• [RECORDS PROVIDED]
┄┄┄┄┄┄┄┄┄┄
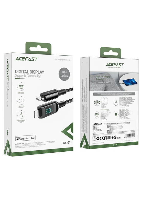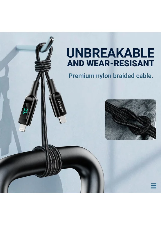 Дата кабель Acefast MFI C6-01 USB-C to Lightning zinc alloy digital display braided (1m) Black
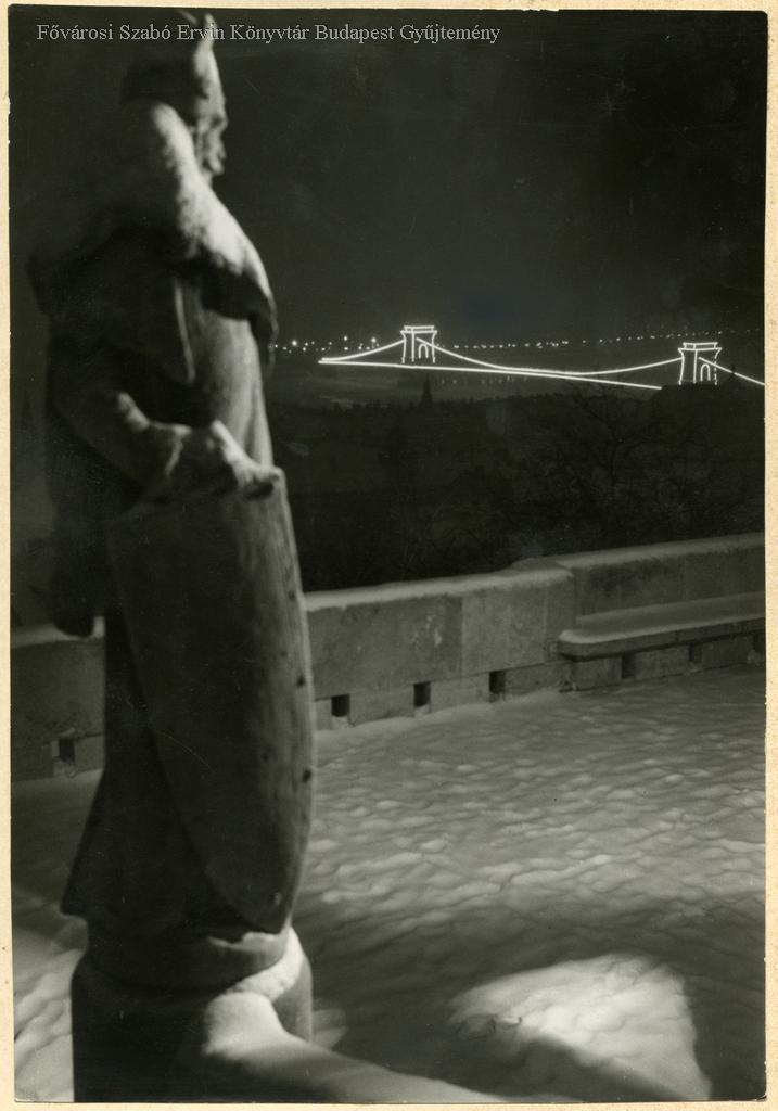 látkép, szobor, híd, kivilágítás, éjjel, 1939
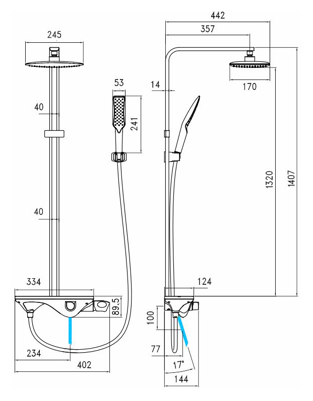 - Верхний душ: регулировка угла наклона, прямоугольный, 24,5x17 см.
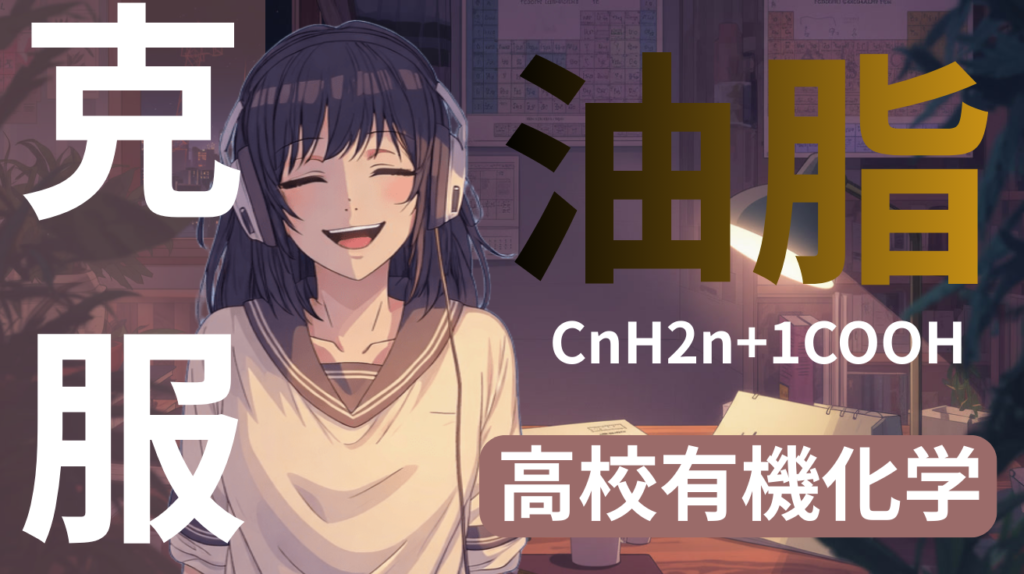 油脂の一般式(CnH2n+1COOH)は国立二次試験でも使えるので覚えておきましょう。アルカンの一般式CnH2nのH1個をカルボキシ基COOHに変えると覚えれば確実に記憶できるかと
┄┄┄┄┄┄┄┄┄┄
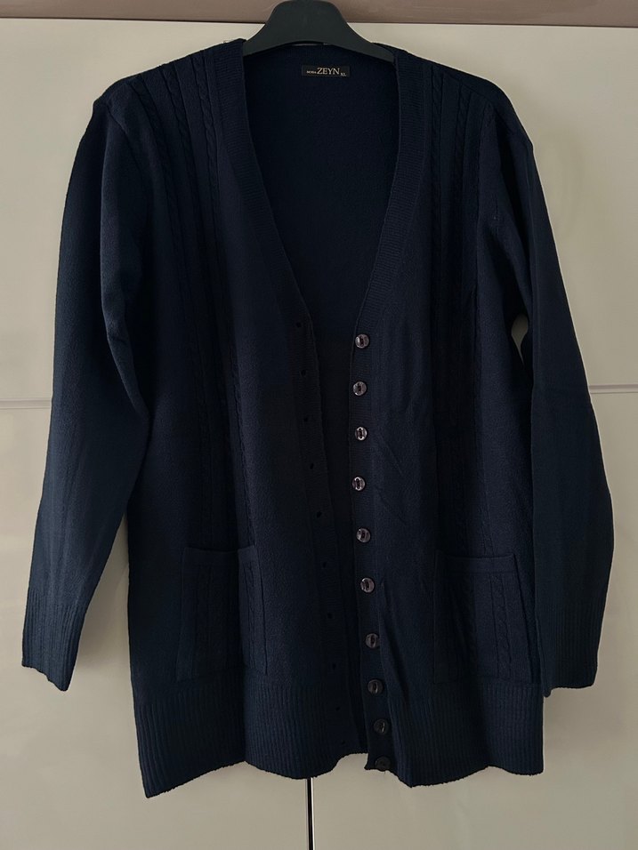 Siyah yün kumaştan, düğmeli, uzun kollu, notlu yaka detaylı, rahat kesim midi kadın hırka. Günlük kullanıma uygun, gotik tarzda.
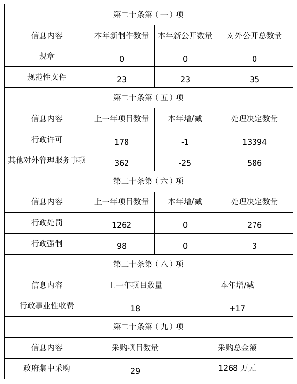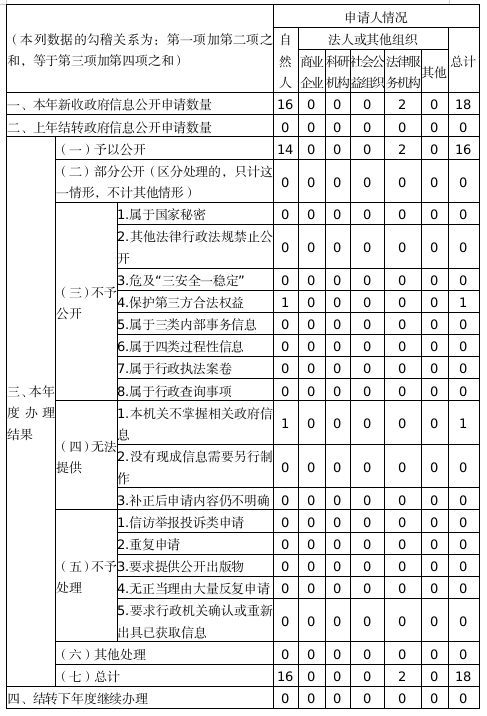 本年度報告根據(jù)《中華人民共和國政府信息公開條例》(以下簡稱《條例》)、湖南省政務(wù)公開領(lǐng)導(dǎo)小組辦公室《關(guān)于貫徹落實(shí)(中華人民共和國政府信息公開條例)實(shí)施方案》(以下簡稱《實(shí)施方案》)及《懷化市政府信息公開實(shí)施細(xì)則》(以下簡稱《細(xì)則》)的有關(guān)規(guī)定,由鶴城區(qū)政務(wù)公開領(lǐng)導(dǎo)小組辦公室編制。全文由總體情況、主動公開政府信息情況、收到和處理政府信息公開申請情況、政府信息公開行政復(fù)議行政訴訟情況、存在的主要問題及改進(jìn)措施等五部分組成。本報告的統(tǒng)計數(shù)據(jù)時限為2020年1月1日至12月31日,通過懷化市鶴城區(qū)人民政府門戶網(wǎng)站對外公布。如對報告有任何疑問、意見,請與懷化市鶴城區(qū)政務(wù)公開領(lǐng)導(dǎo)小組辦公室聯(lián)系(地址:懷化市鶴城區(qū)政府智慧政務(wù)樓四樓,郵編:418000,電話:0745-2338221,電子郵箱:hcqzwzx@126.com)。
┄┄┄┄┄┄┄┄┄┄
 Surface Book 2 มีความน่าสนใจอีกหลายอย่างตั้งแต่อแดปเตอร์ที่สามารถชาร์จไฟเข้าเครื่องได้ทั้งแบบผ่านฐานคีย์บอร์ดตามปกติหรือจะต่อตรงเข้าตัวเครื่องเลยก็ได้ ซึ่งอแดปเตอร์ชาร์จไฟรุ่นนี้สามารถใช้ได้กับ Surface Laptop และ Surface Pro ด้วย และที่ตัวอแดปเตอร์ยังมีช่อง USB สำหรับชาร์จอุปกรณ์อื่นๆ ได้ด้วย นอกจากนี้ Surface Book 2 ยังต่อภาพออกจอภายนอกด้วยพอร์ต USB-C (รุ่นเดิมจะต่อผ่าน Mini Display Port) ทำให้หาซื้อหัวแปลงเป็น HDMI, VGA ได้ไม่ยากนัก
┄┄┄┄┄┄┄┄┄┄
• [WHAT TO PRODUCE] Reproduce the records above exactly, but only from the line with "látkép, szobor, híd, kivilágítás, éjjel, 1939" up to and including the line with "油脂の一般式(CnH2n+1". Leave the pictures out.

• [EXERCISE ANSWER]
 látkép, szobor, híd, kivilágítás, éjjel, 1939
 - Верхний душ: регулировка угла наклона, прямоугольный, 24,5x17 см.
 油脂の一般式(CnH2n+1COOH)は国立二次試験でも使えるので覚えておきましょう。アルカンの一般式CnH2nのH1個をカルボキシ基COOHに変えると覚えれば確実に記憶できるかと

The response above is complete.